EXERCISE MATERIALS ->

******

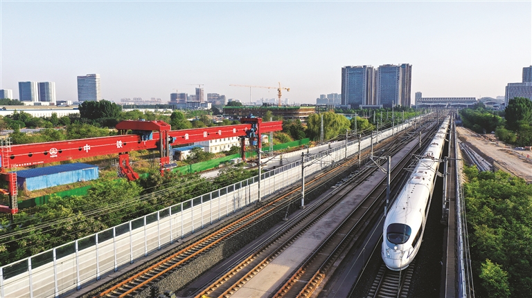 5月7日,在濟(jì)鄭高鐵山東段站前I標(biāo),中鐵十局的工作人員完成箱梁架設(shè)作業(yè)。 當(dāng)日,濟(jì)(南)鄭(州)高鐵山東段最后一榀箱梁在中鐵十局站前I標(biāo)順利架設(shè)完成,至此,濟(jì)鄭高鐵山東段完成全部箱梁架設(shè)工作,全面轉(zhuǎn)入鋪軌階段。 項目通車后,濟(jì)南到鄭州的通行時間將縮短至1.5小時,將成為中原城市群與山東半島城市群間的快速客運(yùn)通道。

******

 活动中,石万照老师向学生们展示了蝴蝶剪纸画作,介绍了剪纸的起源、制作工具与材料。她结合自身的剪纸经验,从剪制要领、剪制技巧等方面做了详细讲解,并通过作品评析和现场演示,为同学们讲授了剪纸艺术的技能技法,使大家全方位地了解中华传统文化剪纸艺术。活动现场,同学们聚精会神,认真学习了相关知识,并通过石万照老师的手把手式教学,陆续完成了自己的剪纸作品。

******

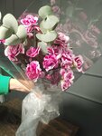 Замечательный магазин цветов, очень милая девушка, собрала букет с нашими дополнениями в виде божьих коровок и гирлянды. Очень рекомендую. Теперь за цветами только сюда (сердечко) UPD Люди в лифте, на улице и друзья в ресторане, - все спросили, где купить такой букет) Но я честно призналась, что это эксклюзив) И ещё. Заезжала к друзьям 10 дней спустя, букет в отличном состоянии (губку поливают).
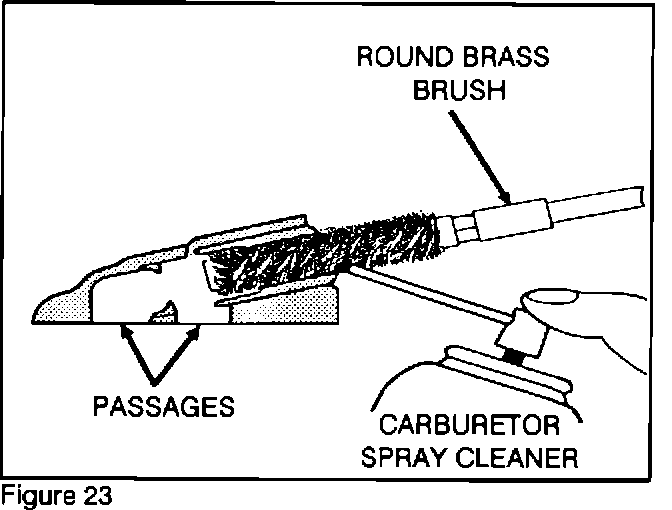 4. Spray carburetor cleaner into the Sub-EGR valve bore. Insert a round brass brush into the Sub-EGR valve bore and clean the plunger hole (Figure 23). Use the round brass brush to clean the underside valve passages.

******

WHAT IS BEING ASKED ->
Above are some records. Output exactly the lines from the one that contains "Замечательный магазин цветов, очень" to the one that contains "4. Spray carburetor", keeping both, and omit the pictures.

SOLUTION BELOW ->
 Замечательный магазин цветов, очень милая девушка, собрала букет с нашими дополнениями в виде божьих коровок и гирлянды. Очень рекомендую. Теперь за цветами только сюда (сердечко) UPD Люди в лифте, на улице и друзья в ресторане, - все спросили, где купить такой букет) Но я честно призналась, что это эксклюзив) И ещё. Заезжала к друзьям 10 дней спустя, букет в отличном состоянии (губку поливают).
 4. Spray carburetor cleaner into the Sub-EGR valve bore. Insert a round brass brush into the Sub-EGR valve bore and clean the plunger hole (Figure 23). Use the round brass brush to clean the underside valve passages.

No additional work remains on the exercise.